*** Opening of Records shown ***

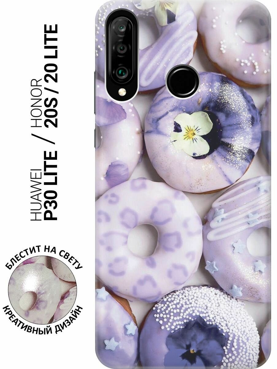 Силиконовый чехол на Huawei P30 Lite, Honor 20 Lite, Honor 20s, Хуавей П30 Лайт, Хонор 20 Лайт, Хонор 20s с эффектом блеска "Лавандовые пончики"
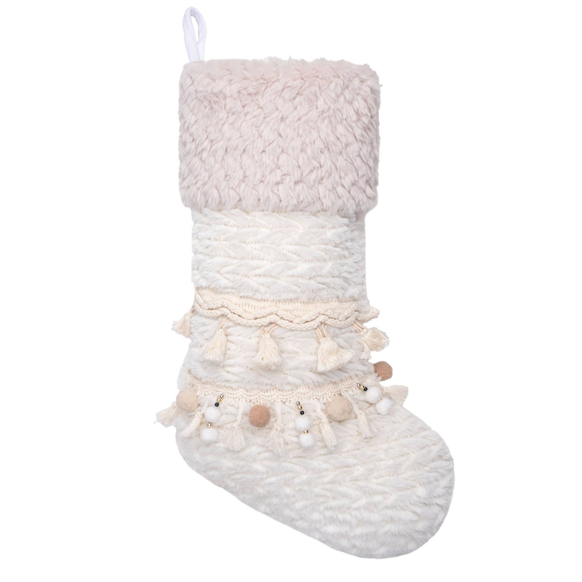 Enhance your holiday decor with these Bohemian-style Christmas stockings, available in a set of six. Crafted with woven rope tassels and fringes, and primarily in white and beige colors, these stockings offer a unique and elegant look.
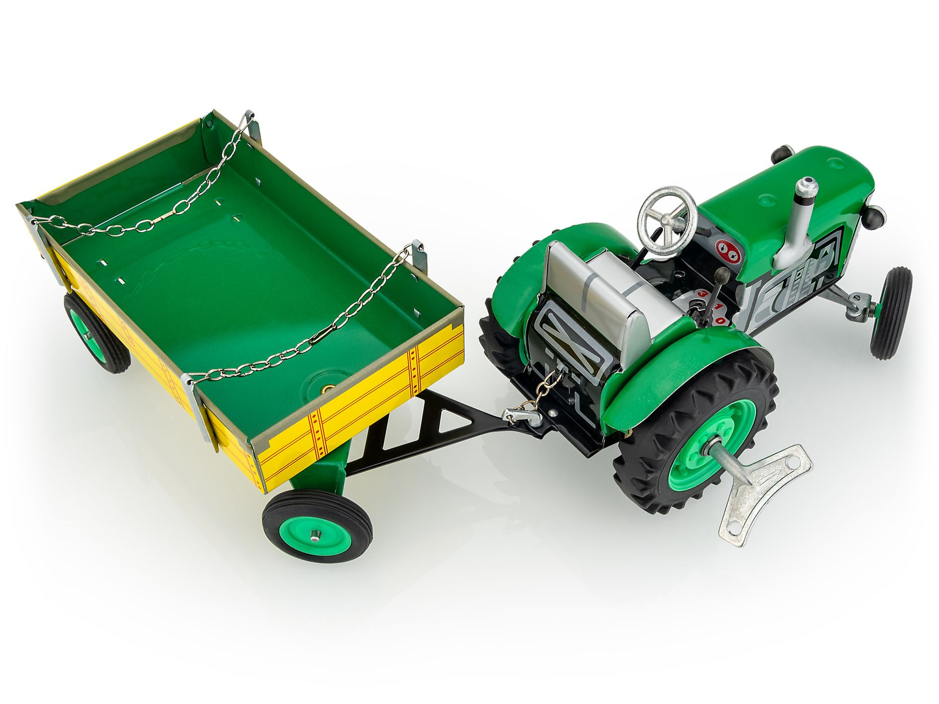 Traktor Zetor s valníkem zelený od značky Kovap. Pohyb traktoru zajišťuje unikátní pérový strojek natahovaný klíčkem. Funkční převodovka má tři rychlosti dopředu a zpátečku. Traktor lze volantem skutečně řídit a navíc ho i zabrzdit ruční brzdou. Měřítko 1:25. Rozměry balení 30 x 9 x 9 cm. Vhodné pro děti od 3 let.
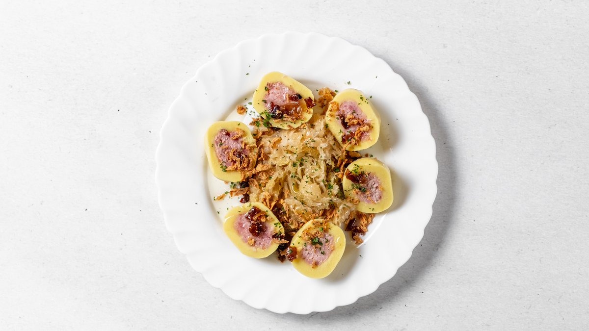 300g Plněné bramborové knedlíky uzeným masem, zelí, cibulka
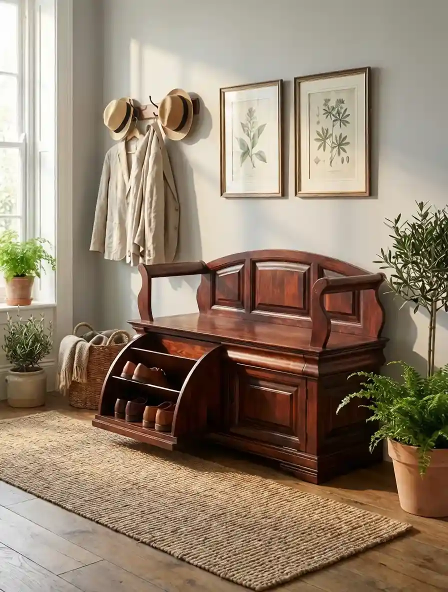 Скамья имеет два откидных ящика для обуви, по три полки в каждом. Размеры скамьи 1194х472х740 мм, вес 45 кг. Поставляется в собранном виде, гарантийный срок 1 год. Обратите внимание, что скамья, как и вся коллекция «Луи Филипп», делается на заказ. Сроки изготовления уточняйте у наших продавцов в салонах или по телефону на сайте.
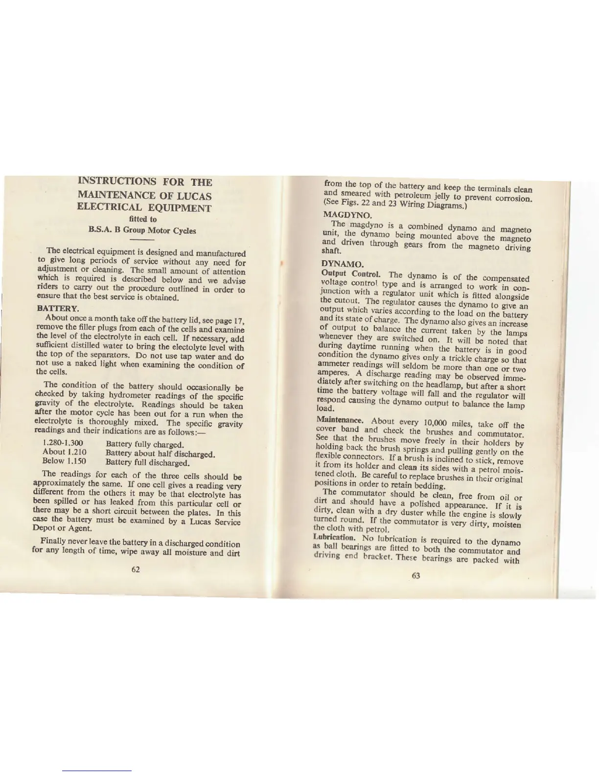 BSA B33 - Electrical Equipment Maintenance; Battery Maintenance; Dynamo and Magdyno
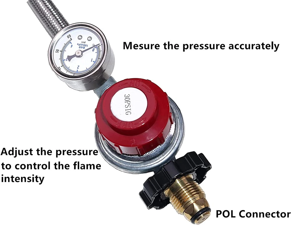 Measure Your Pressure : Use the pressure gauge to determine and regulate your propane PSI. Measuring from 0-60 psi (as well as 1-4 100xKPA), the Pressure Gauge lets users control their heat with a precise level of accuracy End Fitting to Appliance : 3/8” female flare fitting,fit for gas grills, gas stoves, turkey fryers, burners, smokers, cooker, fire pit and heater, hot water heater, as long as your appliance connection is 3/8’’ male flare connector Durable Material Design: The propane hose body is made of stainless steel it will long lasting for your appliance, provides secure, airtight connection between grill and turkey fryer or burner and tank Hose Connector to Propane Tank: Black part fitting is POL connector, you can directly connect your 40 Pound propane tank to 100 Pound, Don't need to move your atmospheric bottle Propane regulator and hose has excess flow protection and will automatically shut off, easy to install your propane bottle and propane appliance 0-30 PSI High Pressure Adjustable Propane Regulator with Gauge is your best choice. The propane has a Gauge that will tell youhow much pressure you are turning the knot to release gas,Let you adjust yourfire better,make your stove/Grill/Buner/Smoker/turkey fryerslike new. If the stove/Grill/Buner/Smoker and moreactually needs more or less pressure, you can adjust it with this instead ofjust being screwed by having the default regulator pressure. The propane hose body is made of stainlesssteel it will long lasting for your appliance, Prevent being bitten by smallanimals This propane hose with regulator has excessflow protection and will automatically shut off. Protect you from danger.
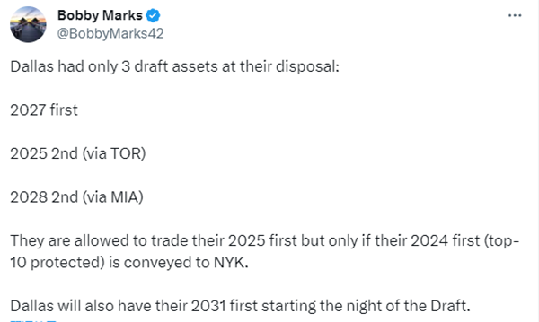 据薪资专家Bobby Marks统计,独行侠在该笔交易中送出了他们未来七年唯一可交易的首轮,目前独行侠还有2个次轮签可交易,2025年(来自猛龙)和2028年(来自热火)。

*** Close of Records shown ***

Work to complete
Everything above except the pictures must be restated exactly.

Solved exercise
 Силиконовый чехол на Huawei P30 Lite, Honor 20 Lite, Honor 20s, Хуавей П30 Лайт, Хонор 20 Лайт, Хонор 20s с эффектом блеска "Лавандовые пончики"
 Enhance your holiday decor with these Bohemian-style Christmas stockings, available in a set of six. Crafted with woven rope tassels and fringes, and primarily in white and beige colors, these stockings offer a unique and elegant look.
 Traktor Zetor s valníkem zelený od značky Kovap. Pohyb traktoru zajišťuje unikátní pérový strojek natahovaný klíčkem. Funkční převodovka má tři rychlosti dopředu a zpátečku. Traktor lze volantem skutečně řídit a navíc ho i zabrzdit ruční brzdou. Měřítko 1:25. Rozměry balení 30 x 9 x 9 cm. Vhodné pro děti od 3 let.
 300g Plněné bramborové knedlíky uzeným masem, zelí, cibulka
 Скамья имеет два откидных ящика для обуви, по три полки в каждом. Размеры скамьи 1194х472х740 мм, вес 45 кг. Поставляется в собранном виде, гарантийный срок 1 год. Обратите внимание, что скамья, как и вся коллекция «Луи Филипп», делается на заказ. Сроки изготовления уточняйте у наших продавцов в салонах или по телефону на сайте.
 BSA B33 - Electrical Equipment Maintenance; Battery Maintenance; Dynamo and Magdyno
 Measure Your Pressure : Use the pressure gauge to determine and regulate your propane PSI. Measuring from 0-60 psi (as well as 1-4 100xKPA), the Pressure Gauge lets users control their heat with a precise level of accuracy End Fitting to Appliance : 3/8” female flare fitting,fit for gas grills, gas stoves, turkey fryers, burners, smokers, cooker, fire pit and heater, hot water heater, as long as your appliance connection is 3/8’’ male flare connector Durable Material Design: The propane hose body is made of stainless steel it will long lasting for your appliance, provides secure, airtight connection between grill and turkey fryer or burner and tank Hose Connector to Propane Tank: Black part fitting is POL connector, you can directly connect your 40 Pound propane tank to 100 Pound, Don't need to move your atmospheric bottle Propane regulator and hose has excess flow protection and will automatically shut off, easy to install your propane bottle and propane appliance 0-30 PSI High Pressure Adjustable Propane Regulator with Gauge is your best choice. The propane has a Gauge that will tell youhow much pressure you are turning the knot to release gas,Let you adjust yourfire better,make your stove/Grill/Buner/Smoker/turkey fryerslike new. If the stove/Grill/Buner/Smoker and moreactually needs more or less pressure, you can adjust it with this instead ofjust being screwed by having the default regulator pressure. The propane hose body is made of stainlesssteel it will long lasting for your appliance, Prevent being bitten by smallanimals This propane hose with regulator has excessflow protection and will automatically shut off. Protect you from danger.
 据薪资专家Bobby Marks统计,独行侠在该笔交易中送出了他们未来七年唯一可交易的首轮,目前独行侠还有2个次轮签可交易,2025年(来自猛龙)和2028年(来自热火)。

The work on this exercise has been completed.